= Benediktos Adamantiades =

Greek ophthalmologist

Benediktos Adamantiades (Βενέδικτος Αδαμαντιάδης; 1875 in Bursa - 1962 in Athens) was an Ottoman-born, Greek ophthalmologist. To honor his major scientific medical contributions, Behçet's disease is often called Adamantiades–Behçet's disease after him.

==Life and scientific contributions==
He was born to Fotios Adamantiades a teacher in Bursa in Ottoman Empire. He became orphaned in an early age and raised by his uncle a metropolitan in Thrace and Turkey. He completed his high school studies in the Illustrious School of the Nation, where he graduated with excellent grades in 1892. Then he visited Athens with the intent of becoming an engineer, but the Polytechnic of Athens had stopped its enrollments by the time he got there, so he enrolled in the Medical School instead.

He returned to the Ottoman Empire, where he practiced as a general practitioner from 1896 until 1911, Then he would travel to Paris where he would specialize in ophthalmology in the hospitals of Quinze Vingt and Hôtel Dieu until 1914. Upon his return he was drafted into the Ottoman Army because of the outbreak of the First World War. He served for one year and then was released due to a severe gastrointestinal disease. After the Greco-Turkish War of 1920 he was one of the refugees to come to Greece. There he was appointed head of the Ophthalmology Department of Hippocration Hospital – then known as Athens Refugee Hospital – in Athens, where he developed significant scientific activities.

During the annual meeting of the Medical Society of Athens on November 15, 1930, Adamantiades presented "A case of relapsing iritis with hypopyon" identifying the three major signs of the so-called Adamantiades–Behçet's disease and insisting on a single clinical entity. In the same year, his lecture was published in the Proceedings of the Medical Society of Athens, and in 1931 in the French journal Annales d'oculistique. In the year 1946, Adamantiades defined thrombophlebitis as the 4th major sign of the disease. Later, he presented the first classification of the disease by describing the ocular, mucocutaneous and systemic forms in a review work. He pointed out that the disease can occur for years as a monosymptomatic or oligosymptomatic disorder and that eye involvement and severe prognosis are more common in men than in women. In this work he also proposed the first diagnostic criteria. In addition to Adamantiades–Behçet's disease, Adamantiades described the interstitial keratitis in trachomatic patients to be a bacterial infection and classified the epidemic idiopathic hemeralopia.

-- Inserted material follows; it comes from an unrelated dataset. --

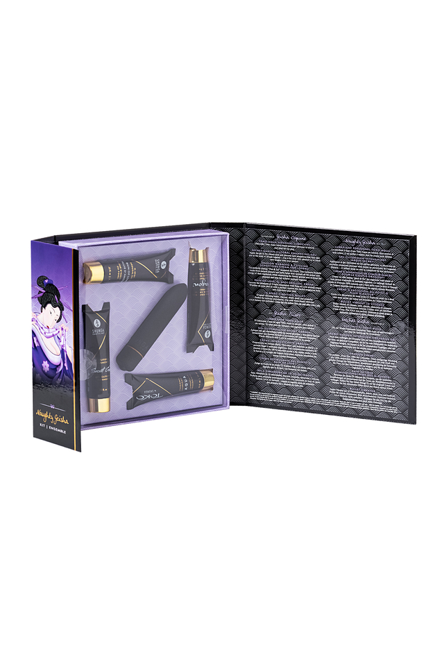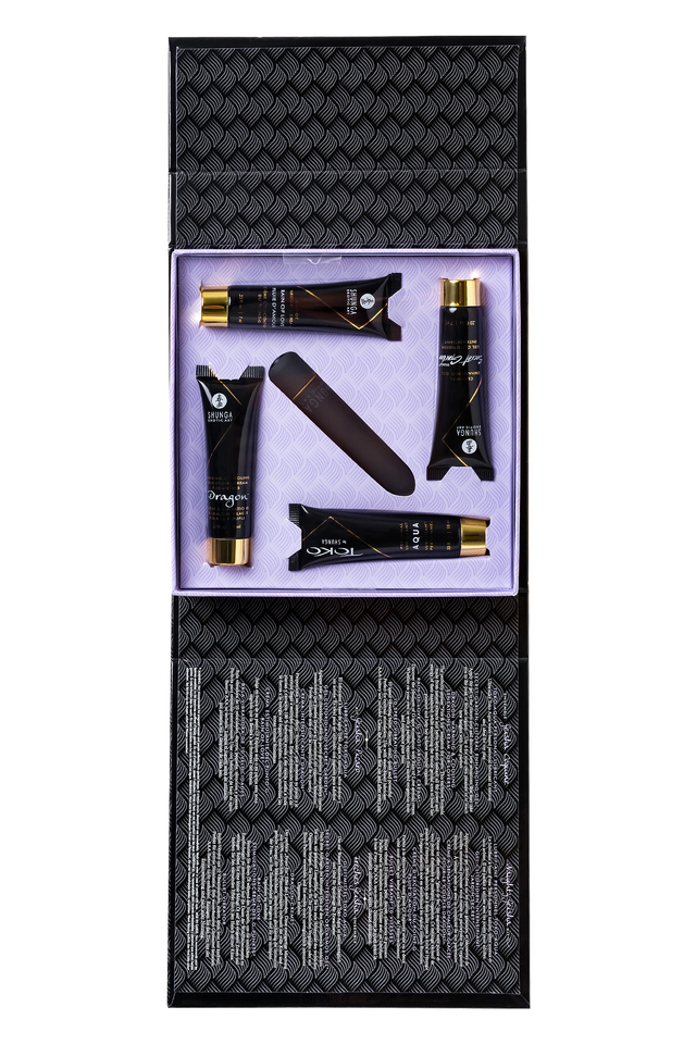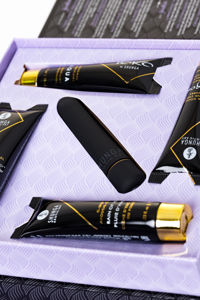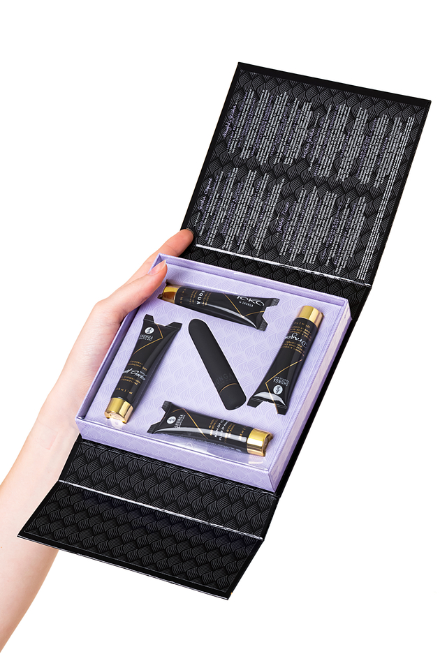 В набор входит: • Лубрикант на водной основе - 10 мл • Возбуждающий крем для женщин SECRET GARDEN (Тайный сад), 7 мл • Крем DRAGON (Дракон) - 7 мл • Крем для стимуляции точки G RAIN OF LOVE (Дождь любви), 7 мл • 10-скоростная вибропуля, (Батарейки ААА не входят в комплект) Коллекция миниатюрных продуктов поможет вам изучить и разбить все табу. Ничто так ни разжигает желания как интерес исследовать жажду вашего тела или жажду тела вашего любовника. Идеально подходит для вашей сексуальной жизни, в качестве подарка или прекрасного начала для исследования продукции Shunga.

Further pioneer works were those on the marginal corneal degeneration, the posterior vitreous detachment, the measurement of the optic fundi and of the ocular pressure as well as investigations on trachoma, uveitis and the pathogenesis of glaucoma. Adamantiades compiled over 200 scientific papers (mostly in Greek and in French) many of which marked a new stage in his field. He also had a small contribution in the Center of Asia Minor Studies in Athens. He got married in an advanced age and his adopted daughter Ourania Ragkavi became the first female ophthalmologist in Greece. He died in 1962 in Athens.